When coarctation of the aorta is present, the aorta is too narrow right below the area that supplies the smaller arteries leading to the upper and lower halves of the body. This area is called the juxta-ductal position. During fetal life and shortly after birth, the ductus, positioned right above the area of narrowing, allows for the blood to pass easily to the body.
Once the ductus closes, usually in the first day after an infant is born, coarctation of the aorta begins to severely limit bloodflow to the body. Mild coarctation of the aorta may not be noticeable initially. A great deal of narrowing, however, can cause heart and systemic failure, as the body cannot get the oxygen it needs.
A child with severe coarctation of the aorta generally presents symptoms shortly after birth. The child may have blue or pale mucus membranes. Blueness may be particularly noticed at the nail beds and around the eyes and nose. The child will not be able to eat well, and will have labored breathing. Also, physicians will note a significant heart murmur.
Children with severe coarctation of the aorta are in need of immediate treatment in order to restore proper blood flow to the body. To treat this condition, there are several options. Choice of treatment depends upon the nature of coarctation and also on the surgeon’s comfort level with various surgical options.
Most often, emergency surgery for coarctation of the aorta involves cutting the aorta, removing the narrowed portion, and reattaching the aorta. In some cases, a portion of pig, donor, or bovine valve may be necessary to make the aorta long enough. However, this is rare, and not preferable, as that portion of the valve will not grow.
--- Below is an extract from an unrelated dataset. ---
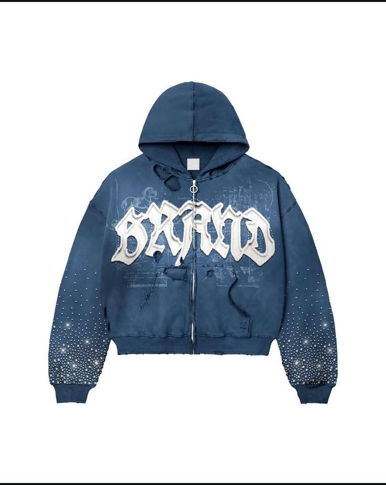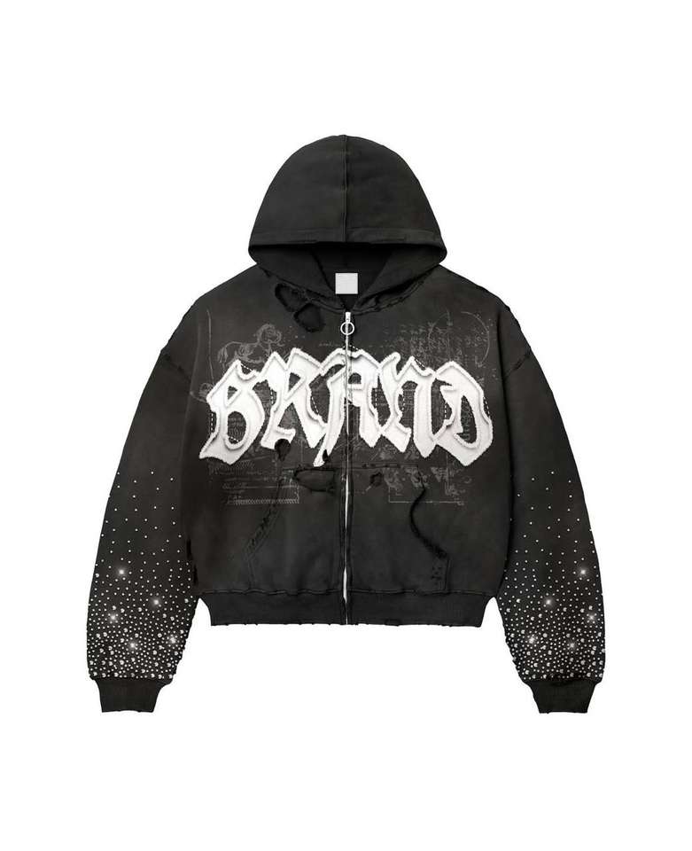 Sweat-shirt vintage personnalisé à fermeture éclair, brodé de strass, streetwear, sérigraphie, délavé à l'acide, coupe oversize, 100% coton, haute qualité

Less frequently, the surgeon may be able to correct coarctation of the aorta by cutting through the aorta, thus widening it, and then placing a patch over the widened area. Both surgical options require heart-lung bypass, and though the operation is serious, rate of recovery is very good. Children may need to be on anti-coagulants and blood pressure medication, as coarctation often causes hypertension in the arms.
If coarctation of the aorta is not severe, parents may not even be aware their children have it. When it causes no issues for the child in health or growth, it may not necessitate repair. However, coarctation can worsen, so cardiologists usually elect to place a small tube to widen the aorta, so that the condition does not become more severe. When no surgery is attempted, the cardiologist will closely follow the patient for signs of increased hypertension and hypertrophy of the left ventricle.
Coarctation of the aorta may be present with other left-sided defects, most often a bicuspid aortic valve, which may require replacement later on. Children with this condition require lifetime follow-up with cardiologists, but when the condition is uncomplicated by other defects, life expectancy is quite good.